Re: RFC validation samples?


Laird Breyer wrote:

This kind of datamining has subtleties, because some types of data are
misleading. For example, the date-time element in some headers is a
bad statistical indicator. If you learn messages which contain many
"Jul" tokens, then come August the statistical model will start to
wonder where the "Jul" tokens went.


Beware that structured header fields aren't simply "text" (see RFCs 2277
and 1958 for "text" vs. "names"); protocol elements such as month names
are typically registered or otherwise well-defined (Jan, Feb, ... Nov,
Dec) are valid month "names", "Bob" is not) and are almost always case
insensitive (jAn, jAN, jaN, JaN, and jan are valid month "names").

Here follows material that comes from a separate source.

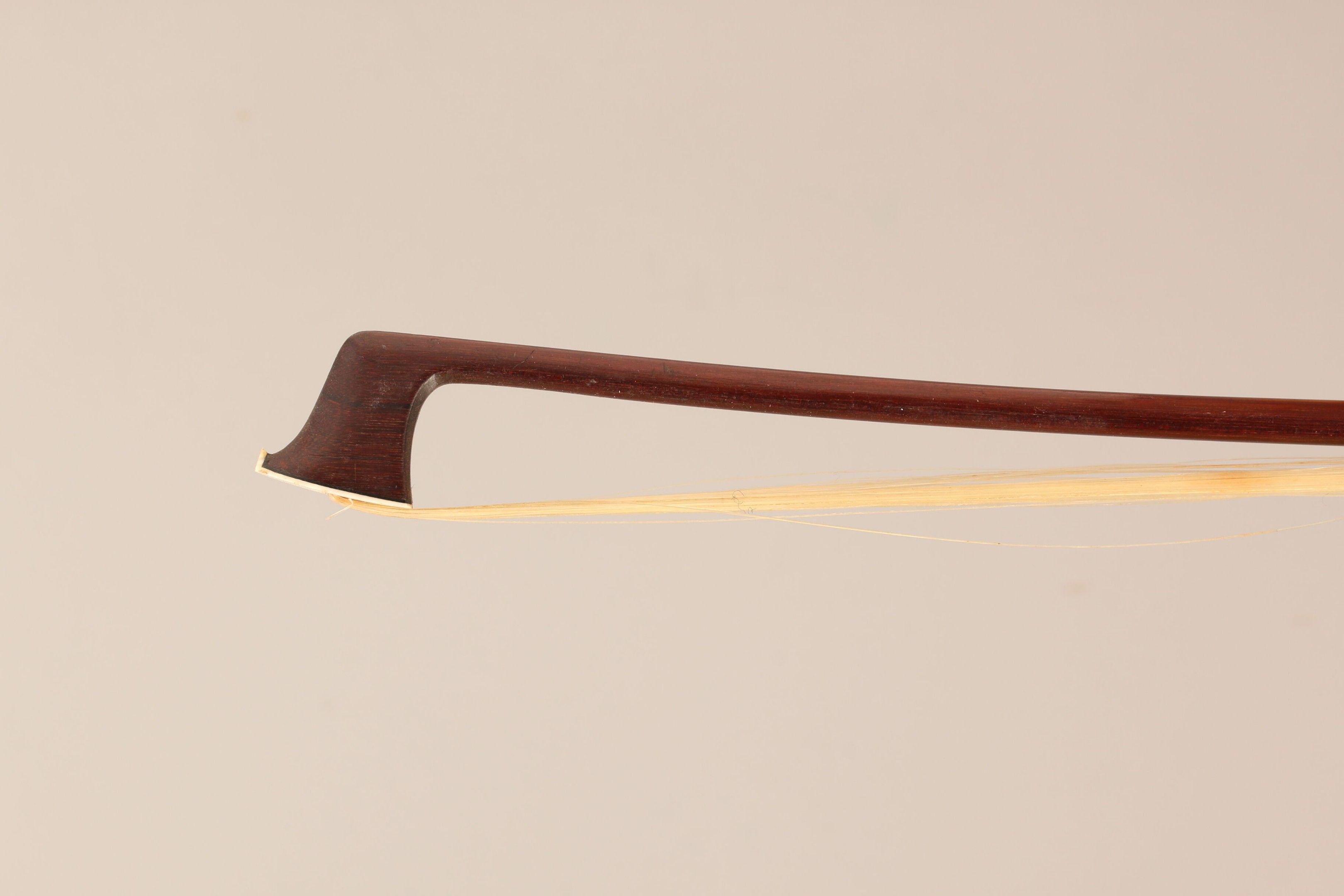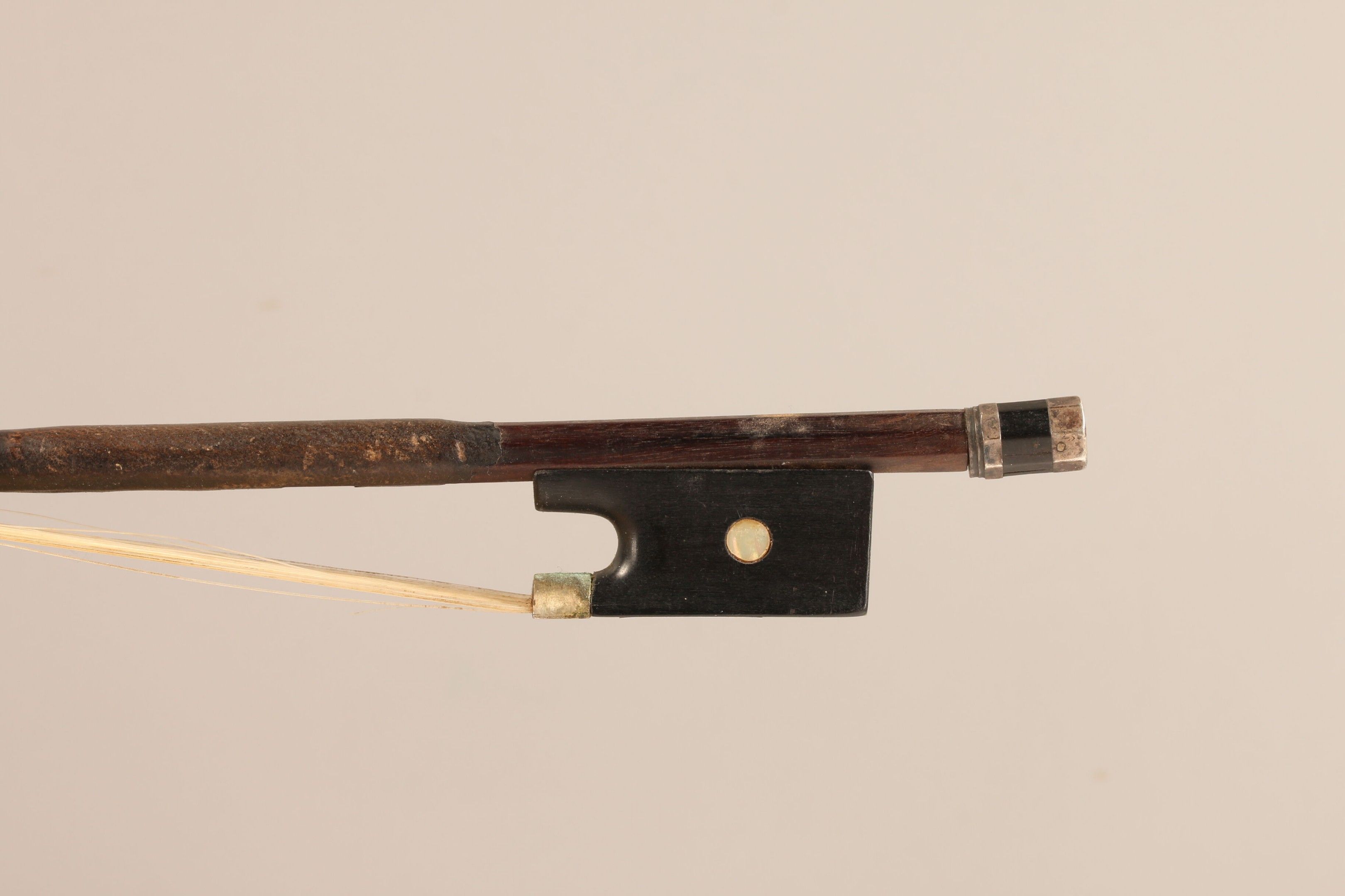 Archet de violon 1/2 de l'école de MAIRE, bouton de MAIRE en argent, monté maillechort. Traces d'usages. 48g5, long. 64,3cm

The second type of goal is to see if there are enough indicators in
the headers to detect forgery and/or trace the message origin. For
example, there are some simple rules which can be used, such as: the
topmost Received: line is always authentic. I'd like to explore if
there are others, e.g. can we analyse whether a message passed through
the internet (ie at least one compliant SMTP server outside the local
network), Maybe this can't be detected, but perhaps its negation can
(ie this message never left the LAN).


In theory, one could examine Received header fields to establish a
consistent set of time stamps and "from" vs. "by" domains. In
practice the Received field is so frequently malformed as to make such
analysis impractical.

I started out parsing only 2822 messages, but quickly realized that
2821 is just slightly different, and even so some sample header lines
I have don't appear to comply with either (e.g. in 2821, domains must
contain at least one period, so localhost is not allowed but
localhost.localdomain is).


RFC 2821 requires fully-qualified domain names, RFC 2822 does not.
In practice an RFC 2822-compliant message might be sent with partially
qualified domain names to an RFC 2476 submission server which qualifies
those domain names before sending via SMTP.

I believe the easiest solution is to parse
each line four times or more, strictly according to 2822,2821,822,821
and special variations, as the code can refer to existing documents
rather than a single complex combination of these four documents which
incorporates many subtleties and variations.


If performance and maintainabilty are not considerations, that might be
practical.  Liberal parsing with RFC-specific detection of issues is
an alternative approach.